Pulitzer Prize-Winning UA Alumnus to Speak on Campus

Susan Knight, UA School of Journalism
March 25, 2013

Ryan Gabrielson, a UA School of Journalism alumnus and Pulitzer Prize-winning investigative reporter, will visit campus this week to share his experiences and to talk about journalism’s future.

Ryan Gabrielson receives word in 2009 that he has just been named the winner of the Pulitzer Prize. (Photo Credit: East Valley Tribune, not available for reprint without permission from the East Valley Tribune)

Gabrielson's  public talk, “The News is Dead, Long Live the News: Why Journalism’s Future Rests on Digging, Storytelling and the Death of Gimmickry,” is free and open to the public. The event will be held March 27 at 6 p.m. in the Ventana Room of the Student Union Memorial Center, 1303 E. University Blvd. (The event was previously scheduled to be held March 28)

While on campus, Gabrielson also will attend a small reception, and meet with classes and small groups of students, including the student chapter of the Society of Professional Journalists, which is sponsoring his trip.

Gabrielson works for California Watch, part of the Center for Investigative Reporting, a nonprofit news organization that “enables people to demand accountability from government, corporations and others in power,” according to its mission statement.

He studied in the School of Journalism and reported for the Arizona Daily Wildcat.
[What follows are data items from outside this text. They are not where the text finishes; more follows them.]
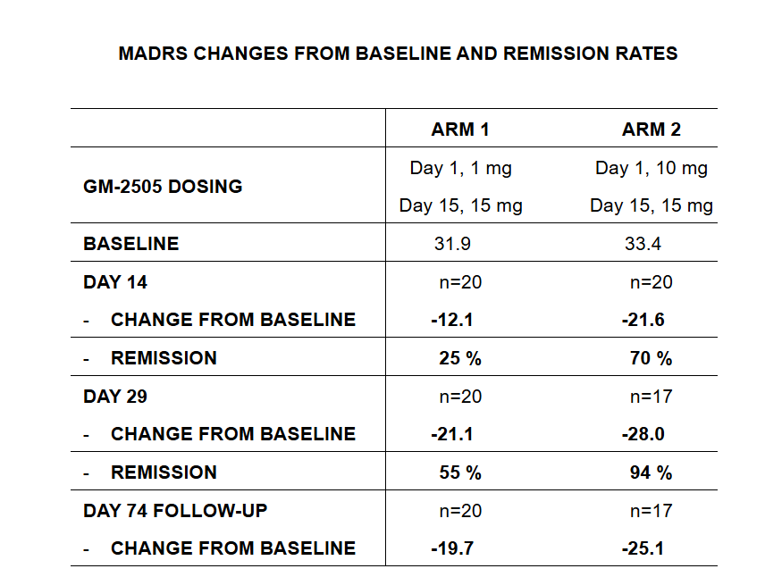 2025年2月,GH Research宣布GH001的一项用于难治性抑郁症(TRD)患者的随机、双盲、安慰剂对照2b期临床试验(GH001-TRD-201)达到了主要终点:GH001在第8天使蒙哥马利-阿斯伯格抑郁量表(MADRS)总分从基线显著降低15.2分,而安慰剂组增加了0.3分(差异为-15.5分,p<0.0001)。
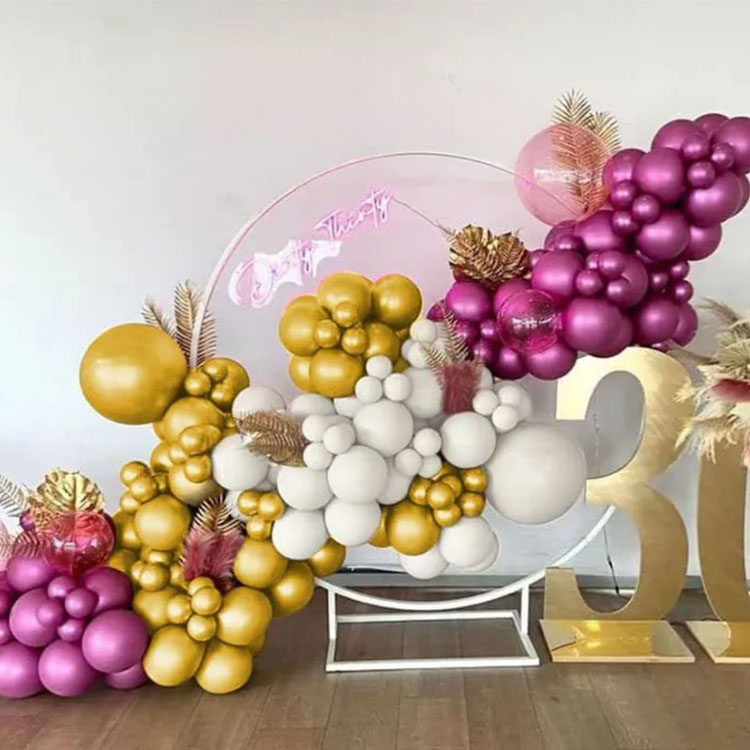 Metallic Gold Sand White Balloon Garland Arch Kit is the latest design developed by our Newshine® factory. Its uniqueness lies in the mutual matching of the two metal colors, which are composed of 117 accessories, creating a delicate balloon arch effect. The set includes balloons in three sizes: 5 inches, 10 inches and 18 inches. Through ingenious combination and matching, the balloon arch presents a sense of hierarchy and visual effects.
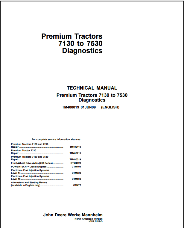 2009 John Deere 7130 7530 Tractors Diagnostics Manual (TM400019 July 01 2009)
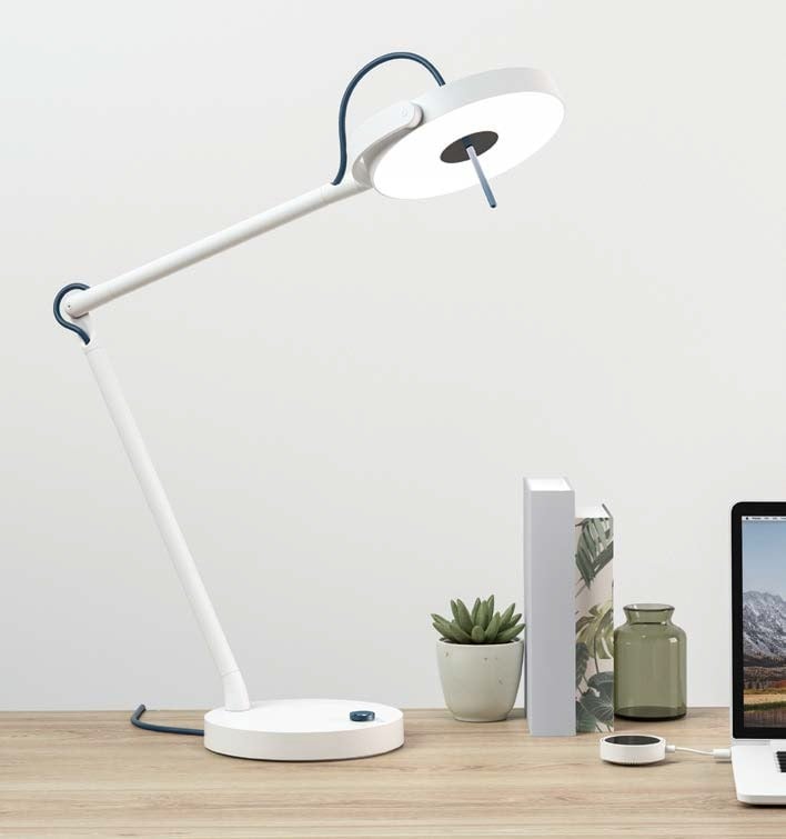 Plug and Play, connexion sans fil, digital détox, écoresponsable, luminothérapie, ambiance lumineuse personnalisée, commande par application web et smartphone… La nouvelle création a été pensée et conçue pour être flexible, avec un faisceau lumineux qui peut être orienté pour s’adapter aux besoins de l’utilisateur. La température de couleur (du blanc froid ou orange chaud) et l’intensité lumineuse de la lampe sont aussi contrôlables.
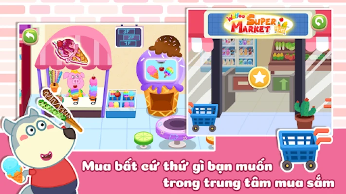 Giải phóng trí tưởng tượng: Khám phá toàn bộ của Thị trấn của Wolfoo, từ khu dân cư đến trung tâm mua sắm sôi động.
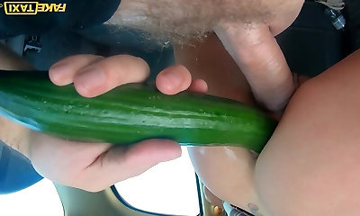 doppelte aubergine- sie fickt sich mit auberginen
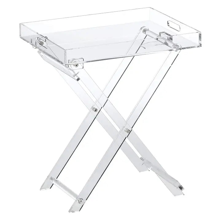 This portable, foldable and lightweight tray side table is very easy to move. It’s foldable for storage and features side handles that make it easy to carry. Turn any space or room into the perfect little food and drink buffet. * Multifunctional: This serving tray side table is great for eating, serving and displaying food. It can be used as a sleek bar cart in your kitchen, living room or dining room. Showcase bottles, glasses, carafes and more. * Easy to clean: Wiping away messes and spills is effortless because this foldable tray side table is easy to clean. Just use a cloth or paper towel to keep it clean. A high-quality material resists liquid damage cracks and scratches.
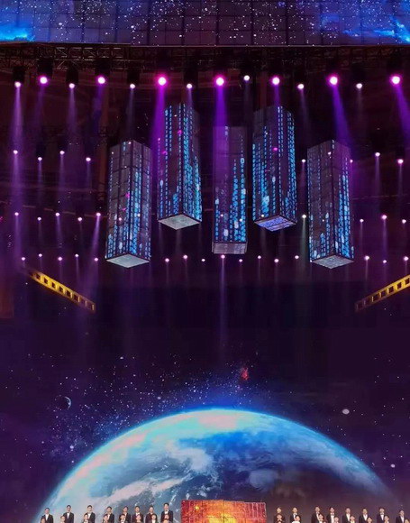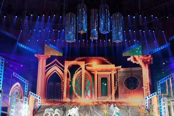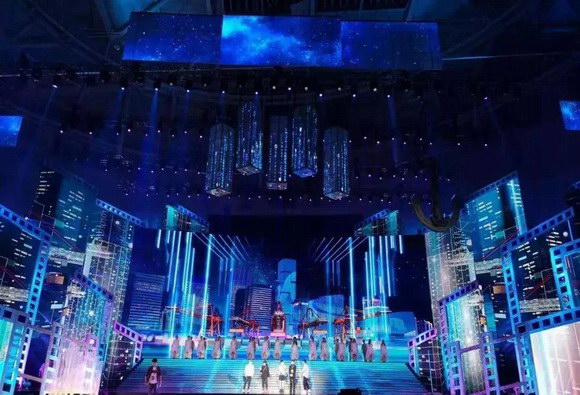 說到閉幕式晚會,不得不提今年獨具匠心的舞臺。此次舞臺以簡約大氣為主,沒有太多機械,而是通過數(shù)控升降冰屏影像、上百組燈光以及主屏幕動態(tài)特效營造奇幻的空間,并根據(jù)獨唱、合唱以及其他的表演形式來變換顏色、元素。

He has since been doing investigative reporting in Arizona and California that has earned him some of the profession’s most prestigious awards.

Gabrielson won a George Polk Award last month for “Broken Shield," an investigative series he wrote on how a special police force was handling crimes against people with developmental disabilities who live in five state-run care centers. Some of the problems included: police inaction that enabled abusers to continue molesting patients; Taser assaults on patients who ended up with severe burns; dozens of women raped, but no rape kits ordered for evidence; a patient who ended up pregnant and whose condition was simply ignored by staff; a botched investigation of a suspicious death of an autistic patient; rampant over-time pay for the special force officers; and other abuses.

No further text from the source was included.